Provided material:
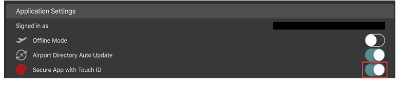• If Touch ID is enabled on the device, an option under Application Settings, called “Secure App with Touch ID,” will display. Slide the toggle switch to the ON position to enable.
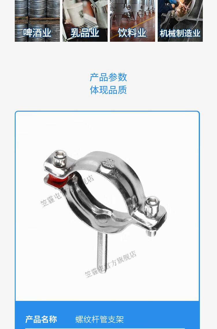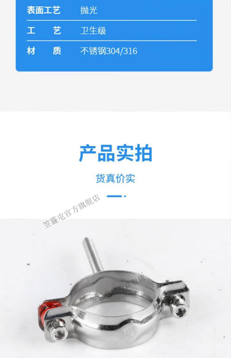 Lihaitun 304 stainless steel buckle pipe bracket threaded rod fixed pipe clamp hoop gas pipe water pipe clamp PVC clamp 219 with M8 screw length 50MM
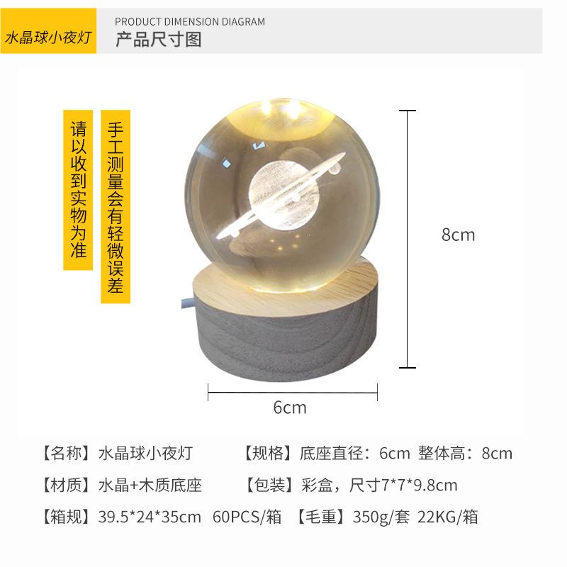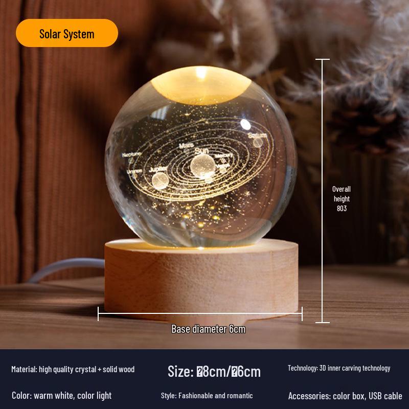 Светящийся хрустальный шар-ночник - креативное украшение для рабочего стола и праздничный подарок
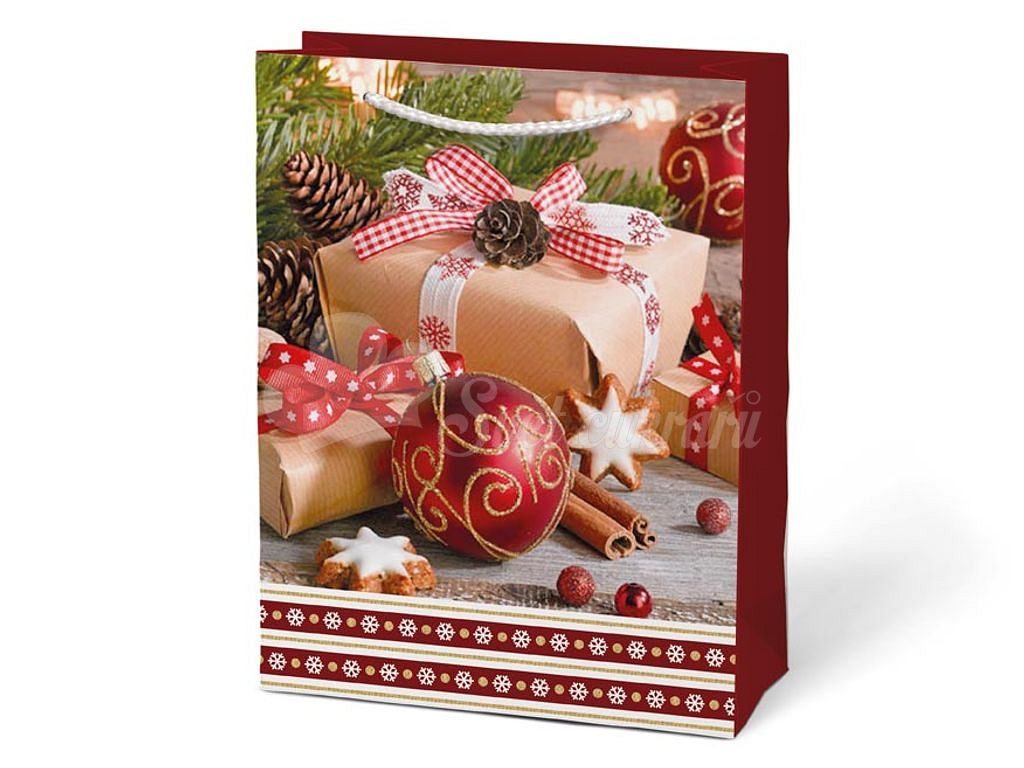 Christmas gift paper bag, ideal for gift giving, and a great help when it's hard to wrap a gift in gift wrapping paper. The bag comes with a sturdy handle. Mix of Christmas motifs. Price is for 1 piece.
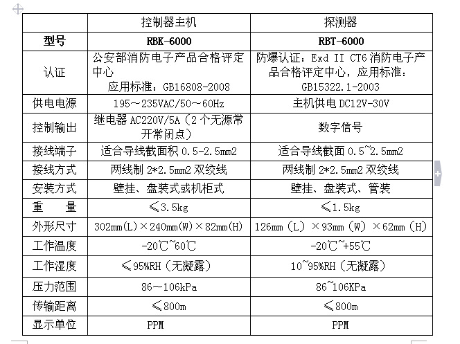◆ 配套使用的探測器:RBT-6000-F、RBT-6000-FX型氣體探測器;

* * *

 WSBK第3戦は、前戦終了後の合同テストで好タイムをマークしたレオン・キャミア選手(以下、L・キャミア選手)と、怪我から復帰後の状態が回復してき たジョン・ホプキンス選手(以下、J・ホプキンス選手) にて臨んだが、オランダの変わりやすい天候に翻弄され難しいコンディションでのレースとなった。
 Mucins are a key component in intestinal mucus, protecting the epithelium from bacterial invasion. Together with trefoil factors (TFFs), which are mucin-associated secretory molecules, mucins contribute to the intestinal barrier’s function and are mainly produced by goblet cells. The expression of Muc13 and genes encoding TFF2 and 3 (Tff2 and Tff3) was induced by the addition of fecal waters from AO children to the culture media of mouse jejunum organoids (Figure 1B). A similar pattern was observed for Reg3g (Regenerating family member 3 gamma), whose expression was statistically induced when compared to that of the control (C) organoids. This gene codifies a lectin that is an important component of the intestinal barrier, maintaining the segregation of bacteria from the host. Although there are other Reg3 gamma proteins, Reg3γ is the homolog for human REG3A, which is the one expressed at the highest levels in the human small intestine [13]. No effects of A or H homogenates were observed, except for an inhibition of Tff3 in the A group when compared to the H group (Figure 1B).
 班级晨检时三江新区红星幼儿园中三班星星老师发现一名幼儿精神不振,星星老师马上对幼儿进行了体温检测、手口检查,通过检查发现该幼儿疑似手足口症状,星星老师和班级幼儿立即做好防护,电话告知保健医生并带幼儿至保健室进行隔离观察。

Problem: Output only the lines above from the line that holds "position to enable." through the line that holds "Lihaitun 304 stainless", both ends included, and exclude pictures.

Task response:
• If Touch ID is enabled on the device, an option under Application Settings, called “Secure App with Touch ID,” will display. Slide the toggle switch to the ON position to enable.
 Lihaitun 304 stainless steel buckle pipe bracket threaded rod fixed pipe clamp hoop gas pipe water pipe clamp PVC clamp 219 with M8 screw length 50MM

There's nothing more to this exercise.